[PATCH] D63459: Loop Cache Analysis

Mon Jul 8 17:08:14 PDT 2019

Meinersbur added a comment.

@fhahn Do you still want to look over this patch?

================
Comment at: llvm/include/llvm/Analysis/LoopCacheAnalysis.h:54
+  const SCEV *getBasePointer() const { return BasePointer; }
+  unsigned getNumSubscripts() const { return Subscripts.size(); }
+  const SCEV *getSubscript(unsigned SubNum) const {
----------------
Should return `size_t`

================
Comment at: llvm/include/llvm/Analysis/LoopCacheAnalysis.h:158
+using ReferenceGroupTy = SmallVector<std::unique_ptr<IndexedReference>, 8>;
+using ReferenceGroupsTy = SmallVector<std::unique_ptr<ReferenceGroupTy>, 8>;
+
----------------
It does not make sense to have owning pointers to SmallVector's.

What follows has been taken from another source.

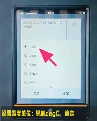 -->设置温度单位Select Engineering Units:,轻触degC确定-->确定

This just adds another level of indirection compared to containing `std::vector` (or `SmallVector` to have a single allocation for all elements if none exceeds the small size) directly.

================
Comment at: llvm/lib/Analysis/LoopCacheAnalysis.cpp:590-591
+  if (getInnerMostLoop(Loops) == nullptr) {
+    LLVM_DEBUG(dbgs() << "Cannot compute cache cost of loop nest with more "
+                         "than one innermost loop\n");
+    return nullptr;
----------------
etiotto wrote:
> fhahn wrote:
> > etiotto wrote:
> > > Meinersbur wrote:
> > > > If the intention is to provide analysis for innermost loops only, why this limitation? Could it just return an analysis result for each innermost loop?
> > > > 
> > > > If the analysis requires a global view to determine the cost for each loop, wouldn't a FunctionPass be more appropriate? Currently, it seems users first need get the LoopCacheAnalysis for a topmost loops, the ask it for one of its nested loops.
> > > > 
> > > > Are such loop nests not analyzable at all?
> > > > ```
> > > >   while (repeat) {
> > > >     for (int i = ...)
> > > >       for (int j = ...)
> > > >         B[i][j] = ... A[i+1][j+1] ... // stencil
> > > >     for (int i = ...)
> > > >       for (int j = ...)
> > > >         A[i][j] = ... B[i+1][j+1] ... // stencil
> > > >   }
> > > > ```
> > > > 
> > > > 
> > > > 
> > > The current scope of this PR is to analyze loop nests that have a single innermost loop.  The analysis returns a vector of loop costs for each loop in a loop nest. This is not a hard requirement, however I would like to extend the scope of the transformation in a future PR. One of the scenario I had in mind, at least initially, as a consumer of this analysis is loop interchange which operates on perfect nests and therefore the current implementation of the analysis is sufficient for that use.
> > > 
> > > If we were to make the analysis a function pass that would force consumers to become function passes (or use the cached version of this analysis). That seems overly restrictive especially considering that loop interchange is currently a loop pass.
> > > 
> > I'll try to have a closer look in a few days, but I think for the use in LoopInterchange, it would not need to be an analysis pass (I suppose there won't be a big benefit to preserve this as an analysis?). 
> > 
> > I think a lightweight interface to query the cost for certain valid permutations would be sufficient. I think it would be great if we only compute the information when directly required (i.e. we only need to compute the costs for loops we can interchange, for the permutations valid to interchange)
> Looking forward to you comments. You are correct, we could teach loop interchange about the locality of accesses in a loop nest. There are several other loop transformations that can benefit from it. The paper that introduces the analysis (Compiler Optimizations for Improving Data Locality - http://www.cs.utexas.edu/users/mckinley/papers/asplos-1994.pdf) illustrates how the analysis was used to guide several other loop transformation, namely loop reversal, loop fusion, and loop distribution. Given the applicability of the analysis to several transformation I think it would make sense to centralize the code as an analysis pass.  
> 
> 
> If we were to make the analysis a function pass that would force consumers to become function passes (or use the cached version of this analysis). That seems overly restrictive especially considering that loop interchange is currently a loop pass.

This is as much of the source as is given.